Manduca sexta moths, which have a wingspan of about four inches, are found in both North and South America and are important pollinators of night-blooming flowers. Their larvae, bright green caterpillars as thick as a man's thumb, are called tobacco hornworms. One alone can eat a tomato plant to the ground, Riffell said.
To investigate innate preferences, Riffell collected scent samples from flowers that hawk moths regularly visit in the wild. Scents also were collected from closely related flowers, some of which hawk moths tended to shun.
Abrell, an associate research scientist in the UA department of soil, water and environmental science and of chemistry and biochemistry, analyzed the scents in the lab.
The analyses showed most of the preferred flowers shared a remarkably similar chemical profile – one dominated by certain oxygenated aromatic compounds. Some are reminiscent of cherry soda or cotton candy, Riffell said.
It didn't matter that some of the preferred flowers evolved 10 million to 50 million years apart from each other – their scents have the same chemicals that attract hawk moths, Riffell said.
Moths smell with their antennae. To identify the olfactory channel that reacts when the moths were exposed to key chemicals from preferred flowers, Lei, an associate research scientist in the UA department of neuroscience, used electronics to record from sensory structures in the moths' antennae.
The moths’ olfactory systems responded the same way to the many different preferred flowers.

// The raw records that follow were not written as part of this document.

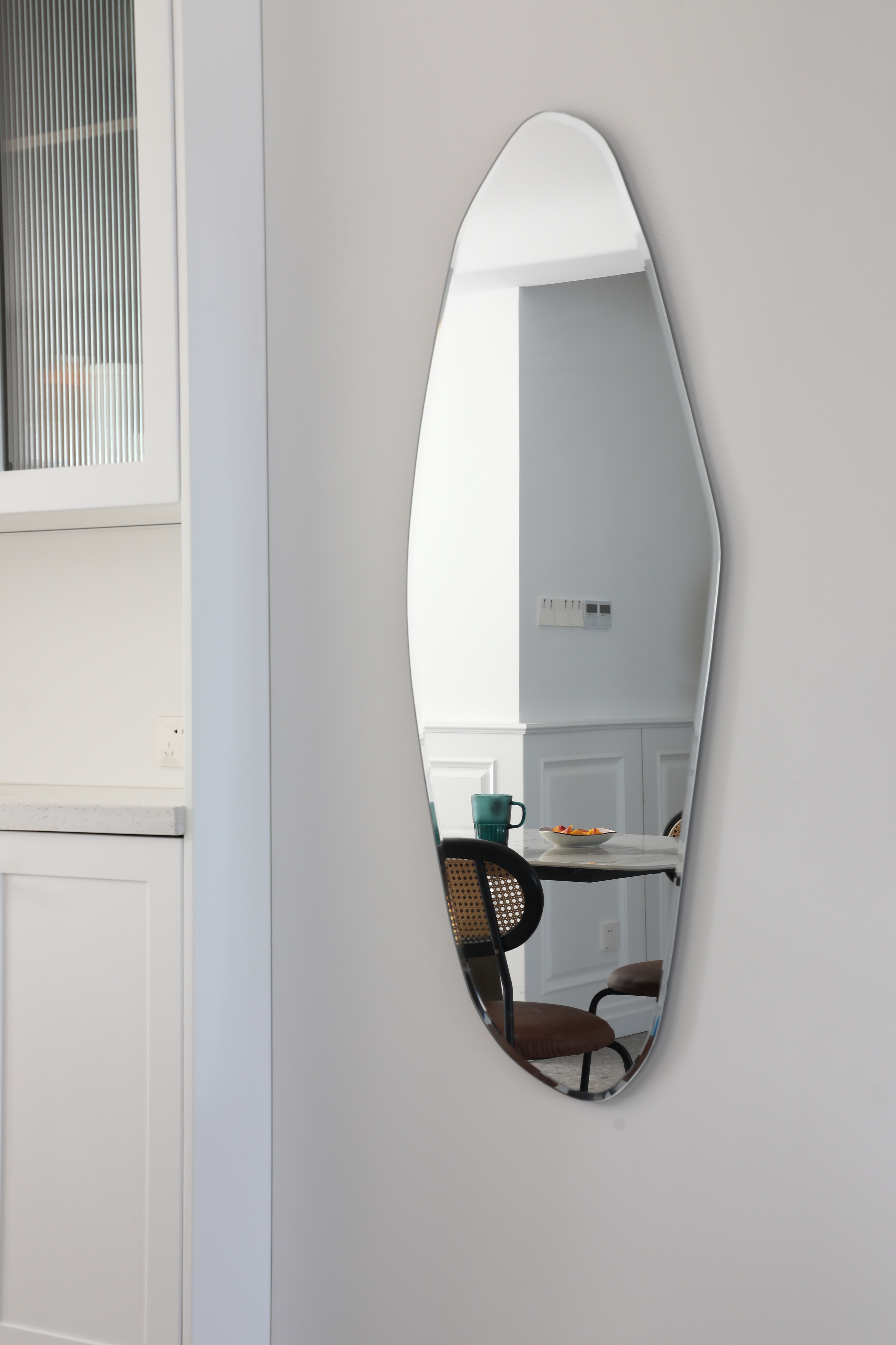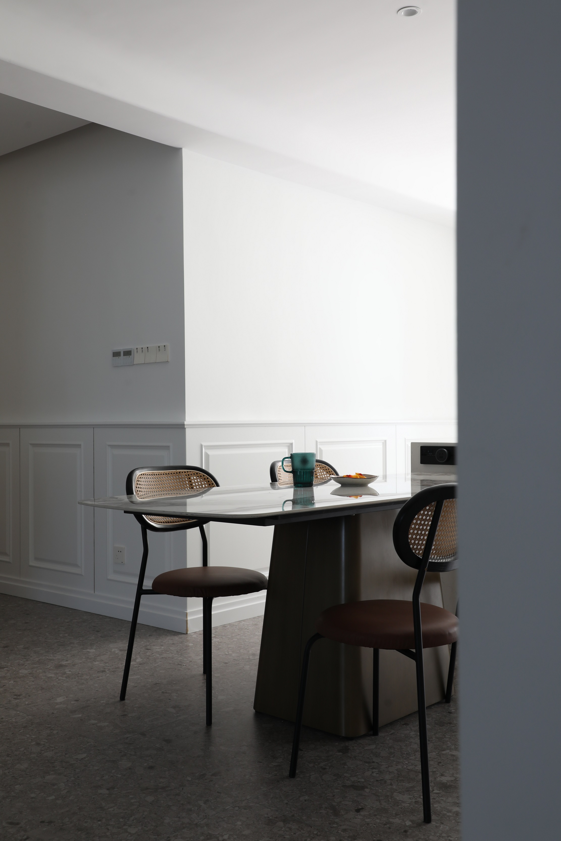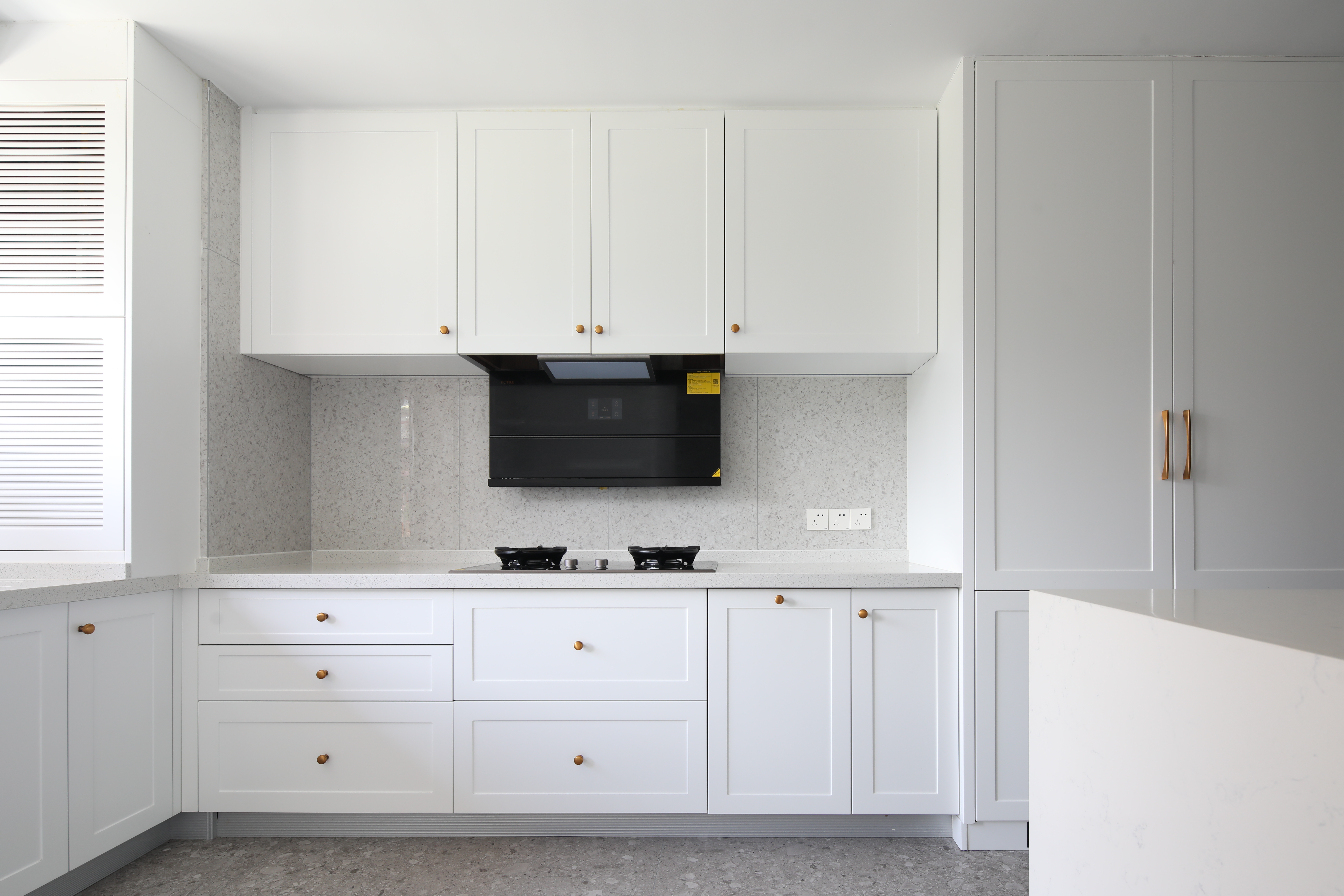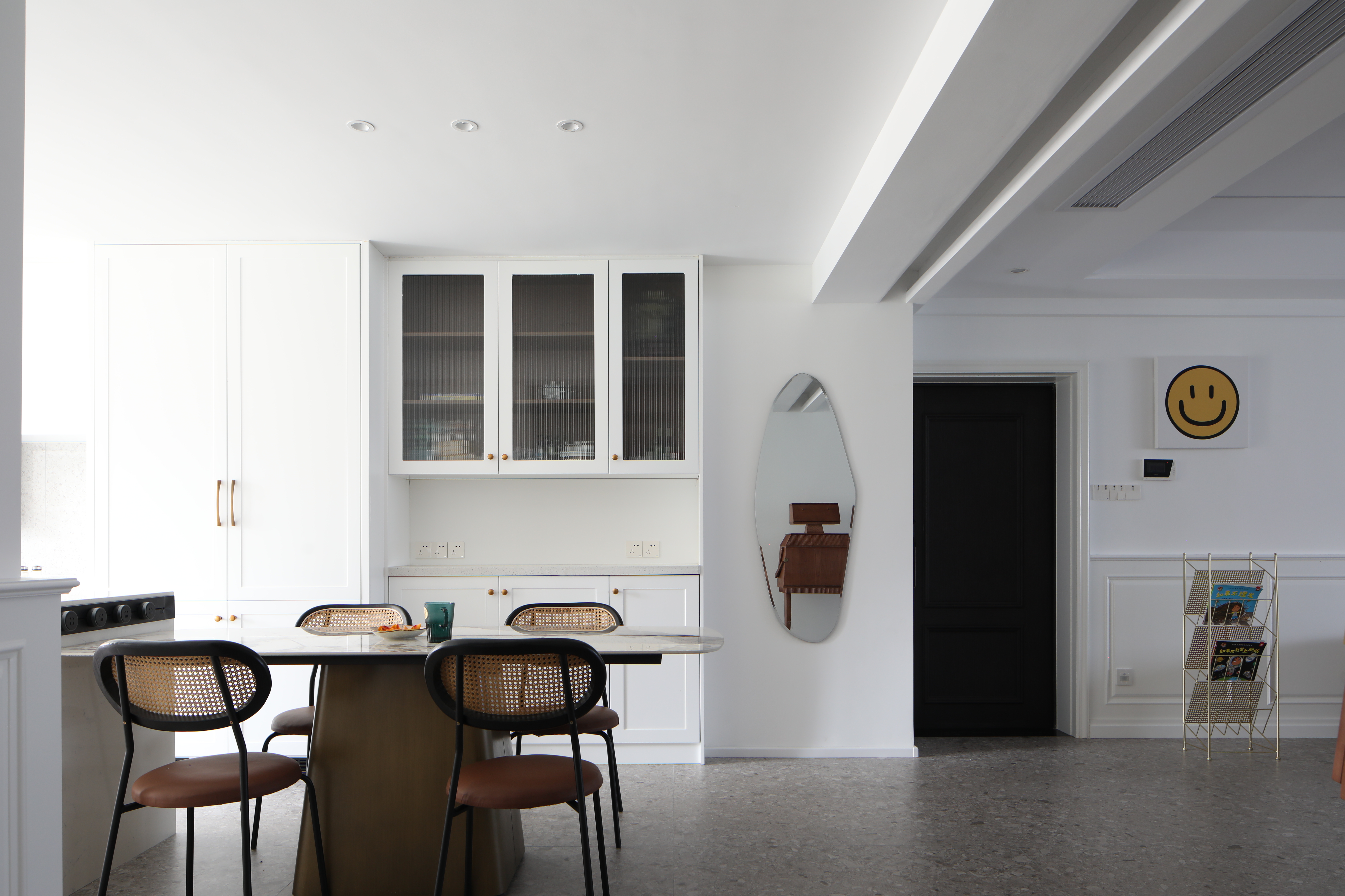 改造前的厨房显得非常杂乱,推拉门直接把餐厅的光线挡住了一半。我们柜体上用白色烤漆复古压纹搭配浅色系水磨石砖,嵌入式的双门冰箱让改造后的厨房显得更加的干净和整洁。
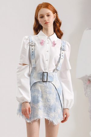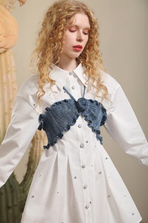 Temperament: white shirt skirt, denim, halterneck, bandeau vest, foreign age-reducing fashion, loose dress
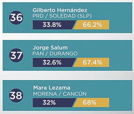 En un estudio de opinión sobre los candidatos a la presidencia municipal de Benito Juárez, realizado recientemente por la consultora De las Heras, le dan a Mara Lezama una intención del voto del 33%, mientras a que a la senadora Marybel Villegas le dan el 44%.
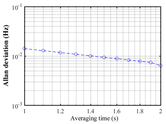 Theoretically, the upper limit of the speed measurement is limited by the difference between the two optical comb repetition frequencies. In this experiment, a difference of 1 MHz limited the maximum speed of the measurement at 15 km/s. Additionally, the resolution was limited by the frequency stability and FFT resolution. Figure 5 shows the Allan deviation of a 1 MHz frequency, which is mixed with the output of the two RF drivers at 110 MHz and 111 MHz. The Allan deviation is well below 14 mHz, with the averaging time larger than 1 s, which corresponds to a resolution of 0.21 mm/s. In our data processing, the FFT resolution was 5 Hz, which corresponds to a resolution of 75 mm/s. Since we selected 16 teeth to calculate the change of repetition frequency, the resolution could be improved to 4.69 mm/s.
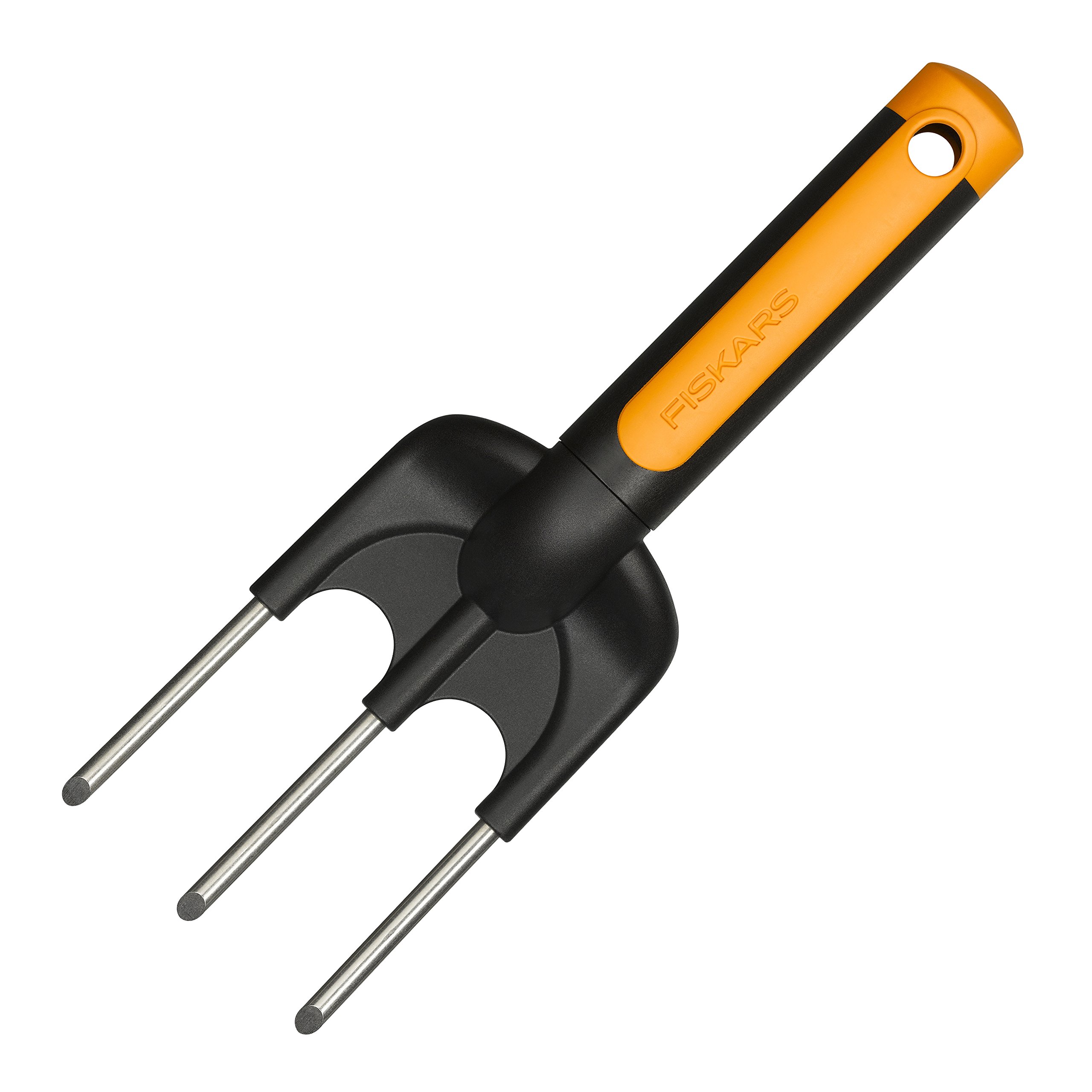 Fiskars Pflanzgabel mit 3 ZinkenLänge: 25 cm, Rostfreie Stahl-Zinken, Schwarz-Orange-Grau, Premium, 1000729

Non-preferred flowers failed to activate the same neural pathways.
To check their findings, the researchers offered "naive" moths the scents of preferred and non-preferred flowers. Those moths had been raised on a soybean diet and had never been exposed to real flowers.
"What we found was really amazing. A naive moth will go mainly to flowers that had been attractive to moths in the wild, from flower to flower as if they were the same flower, responding in the very same manner," Riffell said. "These favored flowers look very different from each other. It's the odor that's driving the behavior."
Distinct from the channel that reacts to moths’ innate odor preferences, moths seem to use another channel when learning about alternate food sources, the scientists found.
In the wild, moths visit preferred flowers but also visit other flowers. The agave, or century plant, for example, is adapted for pollination by bats, but it is such a cornucopia of nectar that bees, birds and other pollinators seek out its flowers, Riffell said.
In the lab, the researchers trained moths to associate sugar-water rewards with the scent of agave flowers while recording their brain activity. The team found the chemical octopamine, an insect equivalent of norepinephrine, is released in moths’ brains as the signal to remember an important food resource.
Further, the scientists found learning about an alternate food source doesn't extinguish the moth's innate preferences -- something that can happen with bees. Together the two olfactory channels mean moths can survive in a changing floral environment, where at times their favored flowers might not be available, yet still maintain their innate preferences.
Using observations and experiments in both the wild and in the laboratory is an approach promoted by Hildebrand.
"This study is based on observations of wild animals in the real world. We think it’s critically important to know what the animals do in the natural world, not just what they do in the lab," said Hildebrand. "It's not enough for us to show what the animal can do under artificial conditions – we want to know the basis for what the animal does when it’s living out in the world."
Funding was provided by the National Science Foundation grants IOS 0822709 and CHE 0216226 and the National Institutes of Health grant R01-DC-02751.